Peraza praised SWC adjuncts for the hard work they do and said many put in hours they are not paid for.
“They were doing (office hours) for free,” he said. “Why? Because they care about the students on this campus and want to make sure that you get a good education.”
Peraza said it is wrong to consider adjuncts as expendable.
“They are taken advantage of for their cheap labor,” he said. “It’s time that we actually stood up for them and (ask) our (state) legislators to help us out.”
Peraza said California’s legislators need to take seriously the issues faced by adjuncts.
“At our college alone we have 700 part-timers,” he said. “We only have 200 full-timers. We are supposed to be one of the most progressive states in the nation. We are the ones that actually fight for workers, we fight for living wages and you see that all the time out of our legislators. These people work from night to day, traveling from one college to the next just to be able to make a living. Our state needs to recognize that these workers are not just employees of one college, but employees of the state of California, and therefore deserve a living wage. How can our legislators stand up and ridicule corporations and businesses for not paying a living wage when they don’t even pay their own employees a living wage? It’s time for us to ask our leaders these questions and demand that the people that educate our future get paid a living wage.”
ASO President Mona Dibas said minority students also face inequalities.

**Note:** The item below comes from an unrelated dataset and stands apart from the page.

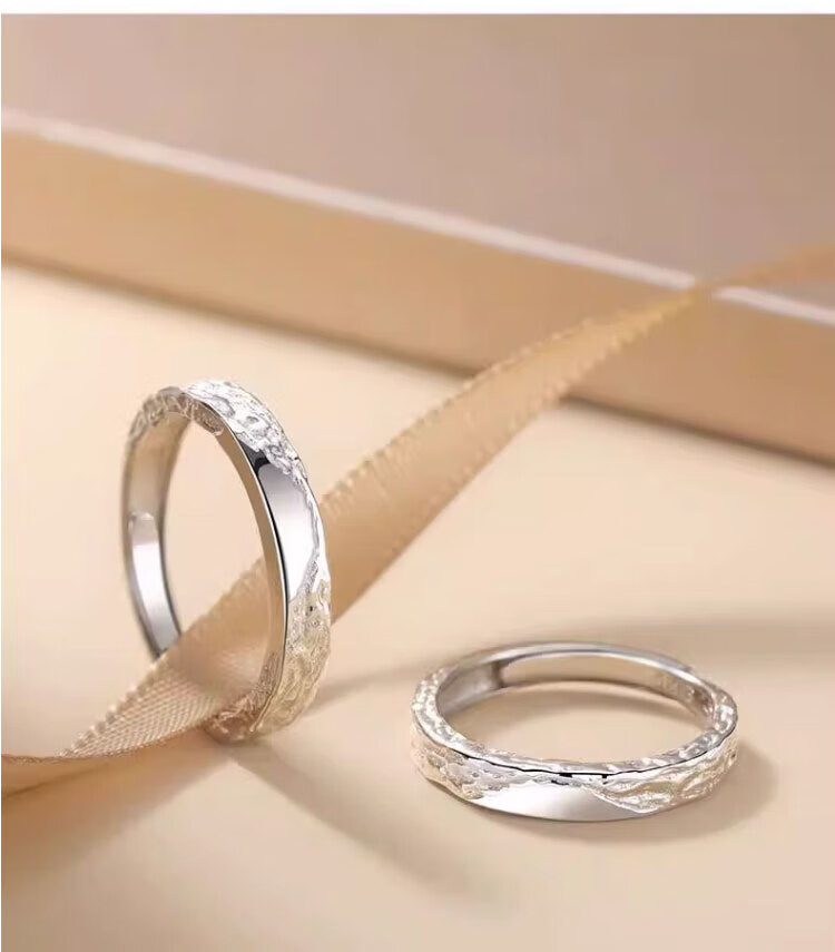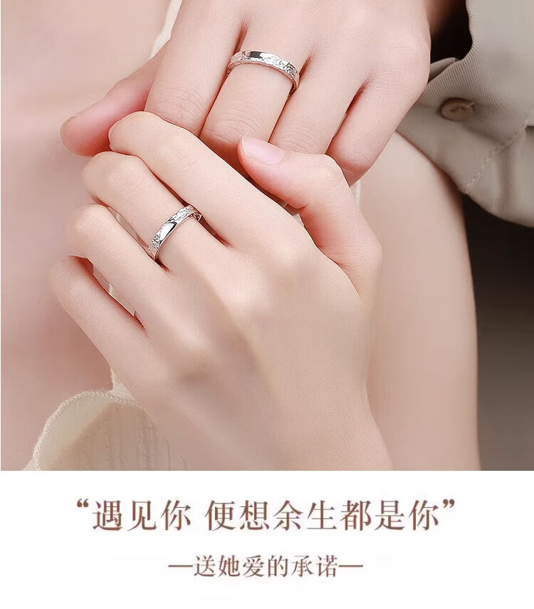 Mengqianxi 999 sterling silver couple ring, a pair of male and female rings, engagement ring, Valentine's Day birthday gift for girlfriend, Ruchu couple ring (live mouth), adjustable size

“As the first Muslim ASO President, (I’m) always under that form of attack of ‘She probably doesn’t know what she’s doing, she comes from a third world country, she has no idea what’s going on in life,’” she said. “People (speak) to me in slower English because they don’t think I understand.”
Dibas said students should not have to worry about discrimination so that they can focus on their education.
Governing Board President Nora Vargas said Latinas still face discrimination.
“English is not my first language,” she said. “So I am very sensitive to when people say things like ‘I don’t really understand what you’re saying,’ or ‘Oh my God, you’re so articulate’ when I have a graduate degree.”
Part-time instructor Carol Stuardo discussed the nation’s recent social and political climate.
“What’s been revealed as of late is that we do not live an equitable society where everyone is treated equally and it needs to change,” she said.
Stuardo described one of her early fights for equity.
“I was four years old and they were trying to pass the Equal Rights Amendment and watching women on TV who wanted equal treatment,” she said. “I decided to get a group of girls together and walk down the street with our shirts off. Boys didn’t have to wear shirts, so why should we?”
CSEA President Andre Harris said black professionals often face double standards.
“I have to be fair to everybody,” he said. “If I’m not fair and (if) I voice my displeasure, I’m the angry black man in the room.”
Harris said college employees must to work together regardless of their job or constituency group.
“My predecessor refused to talk to a board member or even speak to SCEA, but we are all in the same group,” he said. “I think we have a long way to go with our hourlies and our adjuncts, but it’s a process we have to follow. It’s not going to change any time soon, but if we have these discussions maybe things will start to turn.”